* _EXTRACTED MATERIAL_
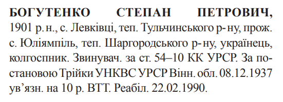 54-10 КК УССР. Трійкою УНКВС Вінницької обл. засуджений до 10 років ВТТ
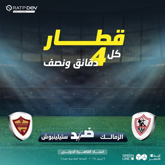 وجاء نص إعلان الشركة كما يلي: «بكرة الساعة 6:00 بالليل، هيستضيف ستاد القاهرة المباراة المنتظرة بين الزمالك وستيلينبوش، عشان نساعد جماهير الكرة في التنقل بسهولة، محطاتنا - خصوصًا محطة الاستاد - هتكون مجهزة بتجهيزات خاصة لضمان رحلة سلسة ومريحة قبل وبعد الماتش هيكون في قطار كل 4:30 دقيقة من محطة الكيت كات لحد محطة عدلي منصور، وكمان قطار كل 9 دقايق للركاب اللي جايين من جامعة القاهرة أو محور روض الفرج ومتجهين لمحطة الكيت كات، انضموا لينا، واستمتعوا بالماتش مع الخط الأخضر الثالث وآر ايه تي بي ديف للنقل كايرو».
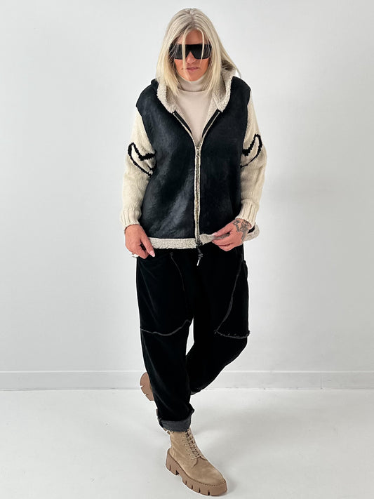 Lambskin nappa imitation jacket with knitted sleeves model "Jana" - black
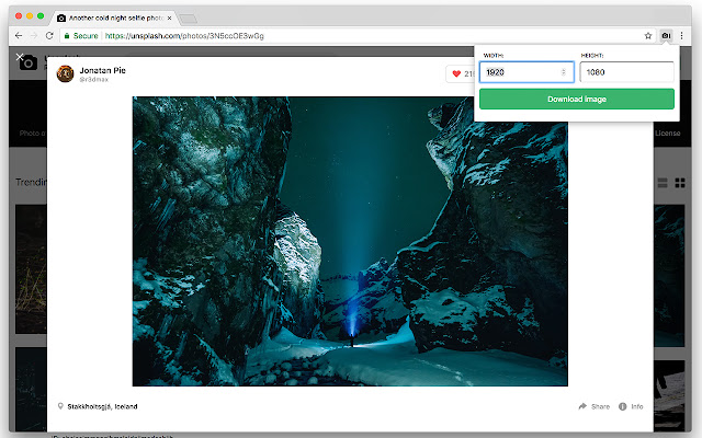 这个微小的扩展使您可以轻松地以您指定的分辨率从出色的 unsplash.com 下载图像。这意味着更小的下载量和更少的调整图像大小的麻烦。
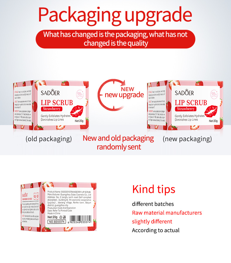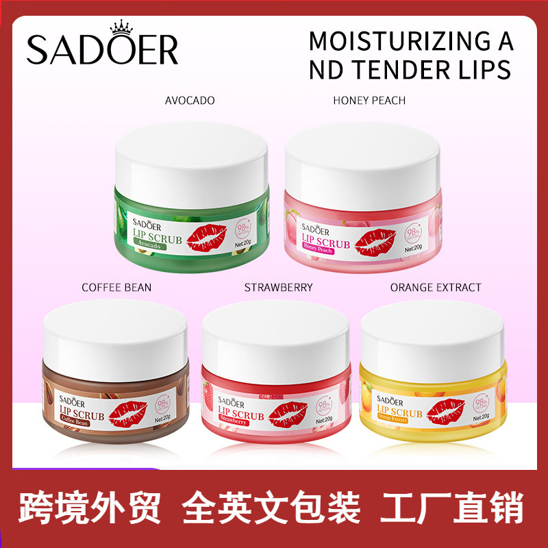 跨境现货唇部磨砂膏系列 SADOER保湿补水唇部磨砂膏 外贸工厂直销
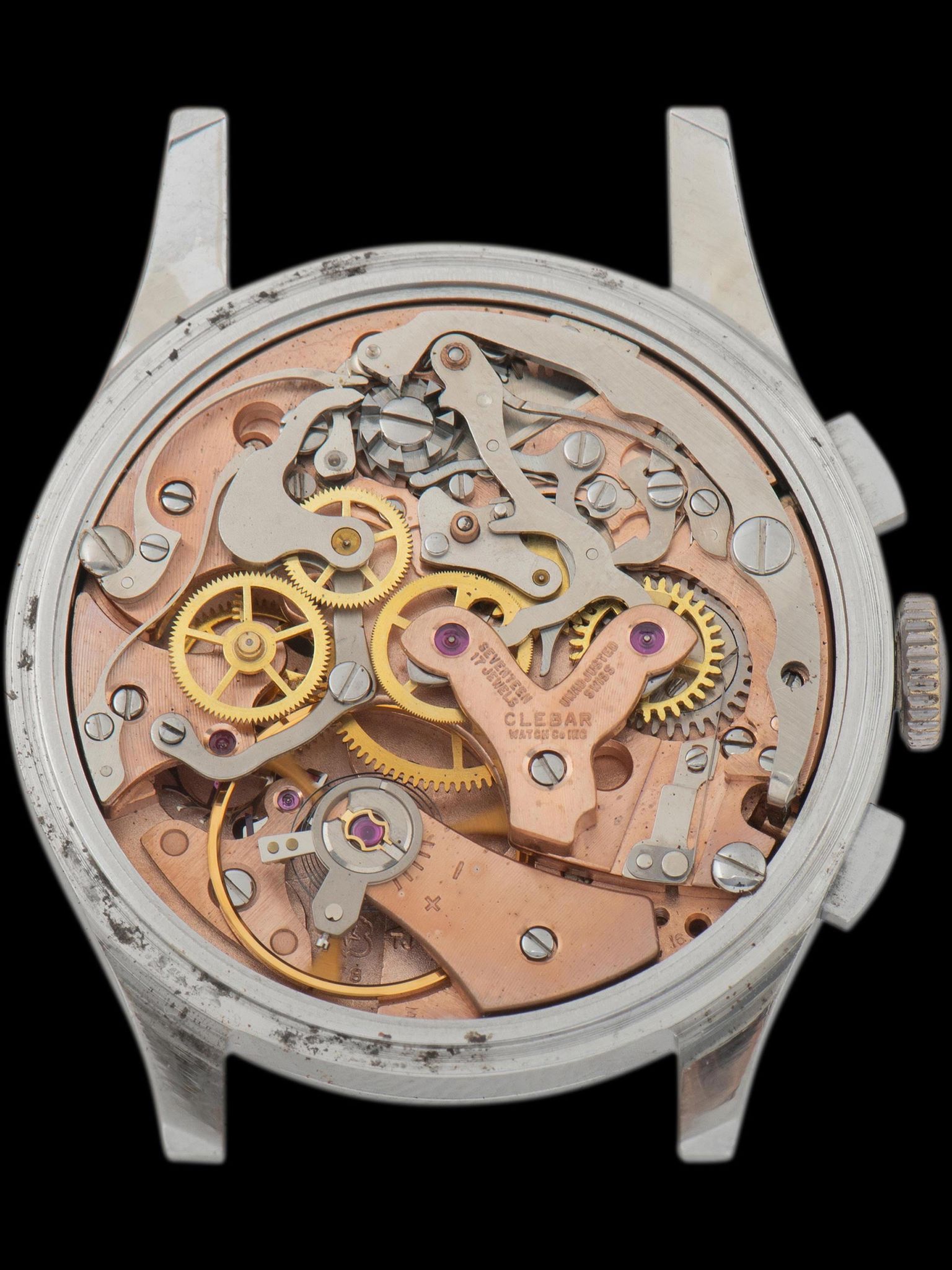 The crisp and handsome case exhibits minimal evidence of previous polishing and shows light signs of honest use present. The case retains its original unsigned crown and pump pushers. The case back features its original factory engravings deep and legible. The watch comes supplied on a 2pc handmade leather strap.

* _TO DO_
For this copy, leave pictures out and reproduce the lines from the one bearing "وجاء نص إعلان" through the final line of the listing above, both ends included.

* _ANSWER TO THE EXERCISE_
 وجاء نص إعلان الشركة كما يلي: «بكرة الساعة 6:00 بالليل، هيستضيف ستاد القاهرة المباراة المنتظرة بين الزمالك وستيلينبوش، عشان نساعد جماهير الكرة في التنقل بسهولة، محطاتنا - خصوصًا محطة الاستاد - هتكون مجهزة بتجهيزات خاصة لضمان رحلة سلسة ومريحة قبل وبعد الماتش هيكون في قطار كل 4:30 دقيقة من محطة الكيت كات لحد محطة عدلي منصور، وكمان قطار كل 9 دقايق للركاب اللي جايين من جامعة القاهرة أو محور روض الفرج ومتجهين لمحطة الكيت كات، انضموا لينا، واستمتعوا بالماتش مع الخط الأخضر الثالث وآر ايه تي بي ديف للنقل كايرو».
 Lambskin nappa imitation jacket with knitted sleeves model "Jana" - black
 这个微小的扩展使您可以轻松地以您指定的分辨率从出色的 unsplash.com 下载图像。这意味着更小的下载量和更少的调整图像大小的麻烦。
 跨境现货唇部磨砂膏系列 SADOER保湿补水唇部磨砂膏 外贸工厂直销
 The crisp and handsome case exhibits minimal evidence of previous polishing and shows light signs of honest use present. The case retains its original unsigned crown and pump pushers. The case back features its original factory engravings deep and legible. The watch comes supplied on a 2pc handmade leather strap.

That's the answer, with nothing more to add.